After announcement of Belgrade's withdrawal, the International University Sports Federation (FISU) entered a crisis state. Their then president Primo Nebiolo, decided to relocate the Universiade to his native Italy, which he recognized as a reliable host, mirroring the previous emergency measures taken when Lisbon, Portugal, withdrew from hosting the 1969 Universiade. Unlike the traditional selection process, Rome was directly designated as the emergency host city in December 1974 to avert the event's institutional collapse. Due to the extremely constrained preparation window, the eighth edition of the Universiade had to be significantly downsized. Compelled by the short deadline, the organization was scaled back to a single sport, with only athletics competitions taking place. Consequently, the 1975 Rome event was widely referred to as the World University Athletics Championships, held over a brief four-day period at the Stadio Olimpico.

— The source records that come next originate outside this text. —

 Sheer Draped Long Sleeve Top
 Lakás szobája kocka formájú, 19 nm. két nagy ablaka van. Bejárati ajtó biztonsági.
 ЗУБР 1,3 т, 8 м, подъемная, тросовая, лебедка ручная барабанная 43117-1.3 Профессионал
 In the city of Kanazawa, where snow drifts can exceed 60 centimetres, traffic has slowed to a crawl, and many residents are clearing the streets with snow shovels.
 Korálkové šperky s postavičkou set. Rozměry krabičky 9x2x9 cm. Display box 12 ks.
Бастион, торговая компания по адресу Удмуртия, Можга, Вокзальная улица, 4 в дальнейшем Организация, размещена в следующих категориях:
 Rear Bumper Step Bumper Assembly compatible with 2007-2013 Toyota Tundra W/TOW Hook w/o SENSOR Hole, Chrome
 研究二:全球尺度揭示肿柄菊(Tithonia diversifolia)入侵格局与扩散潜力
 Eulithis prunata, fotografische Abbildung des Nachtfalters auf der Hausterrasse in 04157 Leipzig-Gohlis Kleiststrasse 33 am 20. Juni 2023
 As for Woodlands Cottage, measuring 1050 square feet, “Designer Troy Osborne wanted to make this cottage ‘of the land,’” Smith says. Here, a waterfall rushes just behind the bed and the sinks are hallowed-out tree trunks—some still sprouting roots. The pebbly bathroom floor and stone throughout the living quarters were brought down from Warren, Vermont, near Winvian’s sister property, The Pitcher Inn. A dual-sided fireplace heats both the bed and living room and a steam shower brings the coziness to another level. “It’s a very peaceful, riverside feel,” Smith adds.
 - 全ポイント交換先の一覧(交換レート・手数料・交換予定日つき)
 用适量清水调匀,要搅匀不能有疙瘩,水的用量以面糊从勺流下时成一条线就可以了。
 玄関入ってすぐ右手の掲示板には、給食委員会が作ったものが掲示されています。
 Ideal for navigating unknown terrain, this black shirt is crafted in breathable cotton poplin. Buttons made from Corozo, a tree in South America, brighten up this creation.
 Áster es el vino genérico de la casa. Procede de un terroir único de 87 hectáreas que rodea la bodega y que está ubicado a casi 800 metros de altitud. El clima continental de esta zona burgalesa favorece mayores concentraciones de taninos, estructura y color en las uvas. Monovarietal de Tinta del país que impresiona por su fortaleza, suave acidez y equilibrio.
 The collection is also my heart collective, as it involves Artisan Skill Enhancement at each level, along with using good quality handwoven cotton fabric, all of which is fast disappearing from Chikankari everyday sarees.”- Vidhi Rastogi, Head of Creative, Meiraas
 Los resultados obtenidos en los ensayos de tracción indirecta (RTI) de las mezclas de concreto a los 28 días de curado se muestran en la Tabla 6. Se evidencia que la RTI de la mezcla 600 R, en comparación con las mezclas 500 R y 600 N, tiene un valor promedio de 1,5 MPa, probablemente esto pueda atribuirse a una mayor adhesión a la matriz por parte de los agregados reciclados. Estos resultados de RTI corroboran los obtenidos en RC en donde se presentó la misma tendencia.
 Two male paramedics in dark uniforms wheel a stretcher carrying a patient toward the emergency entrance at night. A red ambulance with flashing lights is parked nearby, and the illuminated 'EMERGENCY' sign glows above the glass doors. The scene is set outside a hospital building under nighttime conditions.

Amidst this organizational crisis, the host selection process for the subsequent edition was officially reopened. Nebiolo utilized the gathering in Rome to negotiate and secure a future host capable of restoring the Games to their full multisport format. Concurrently, during the 1975 event, FISU officially awarded the hosting rights for the 1977 Summer Universiade to Sofia, Bulgaria, marking the beginning of the city's preparations to bring back a full-scale event.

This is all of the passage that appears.